Deutsche Nationalbibliothek, Frankfurt am Main

Deutsche Bibliothek/Foto: Thomas Linke, , Linie
Fotoform Die Deutsche Nationalbibliothek ist die zentrale Archivbibliothek und das nationalbibliografische Zentrum der Bundesrepublik Deutschland. Sie hat die für Deutschland einzigartige Aufgabe, lückenlos alle deutschen und deutschsprachigen Publikationen ab 1913 zu sammeln, dauerhaft zu archivieren, umfassend zu dokumentieren und bibliografisch zu verzeichnen sowie der Öffentlichkeit zur Verfügung zu stellen. Sie entstand 1990 mit der Wiedervereinigung Deutschlands aus den Vorgängereinrichtungen Deutsche Bücherei Leipzig (gegründet 1912) und Deutsche Bibliothek Frankfurt am Main (gegründet 1947), zu der seit 1970 das Deutsche Musikarchiv Berlin gehört.

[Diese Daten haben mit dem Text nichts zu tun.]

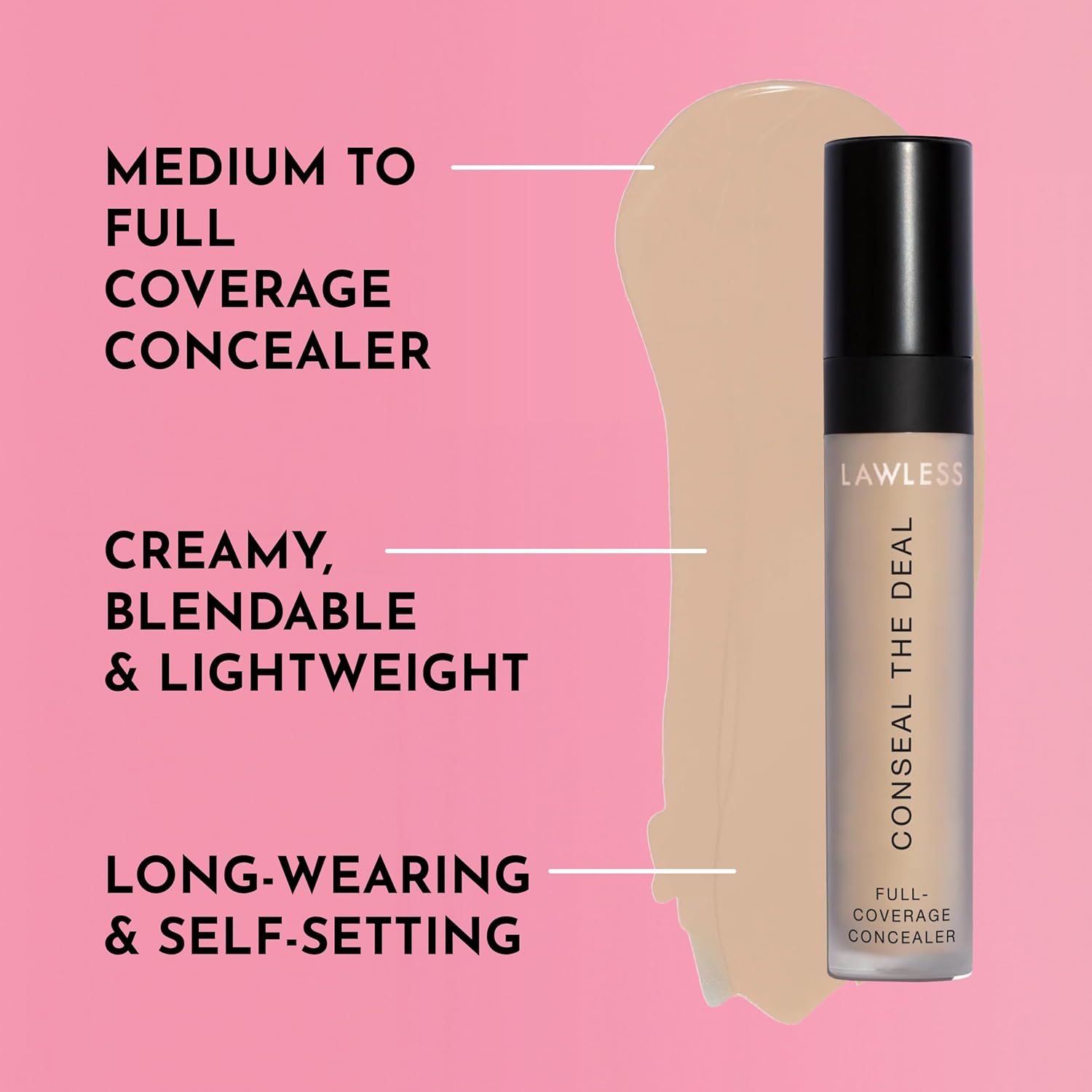 LAWLESS Conseal The Deal Lightweight Longwear Everyday Concealer – Linen – with Antioxidants and Caffeine to Reduce Dark Circles and Puffiness. Long-Wearing and Self-Setting, Silicone-Free – 5 ml.

Die Deutsche Nationalbibliothek ist eine Präsenzbibliothek, das heißt, die Bestände können nur direkt vor Ort im Lesesaal benutzt werden. Das sichert eine hohe Verfügbarkeit der Medien und bietet einen guten Bestandsschutz, zu dem die Deutsche Nationalbibliothek als nationale Archivbibliothek verpflichtet ist. Der Gesamtbestand der Deutschen Nationalbibliothek beläuft sich zurzeit auf rund 22,2 Millionen Einheiten, davon etwa 13,2 Millionen in der Deutschen Nationalbibliotehk Leipzig, etwa 7,8 Millionen in der Deutschen Nationalbibliothek Frankfurt am Main und ungefähr 1,2 Millionen im Deutschen Musikarchiv Berlin.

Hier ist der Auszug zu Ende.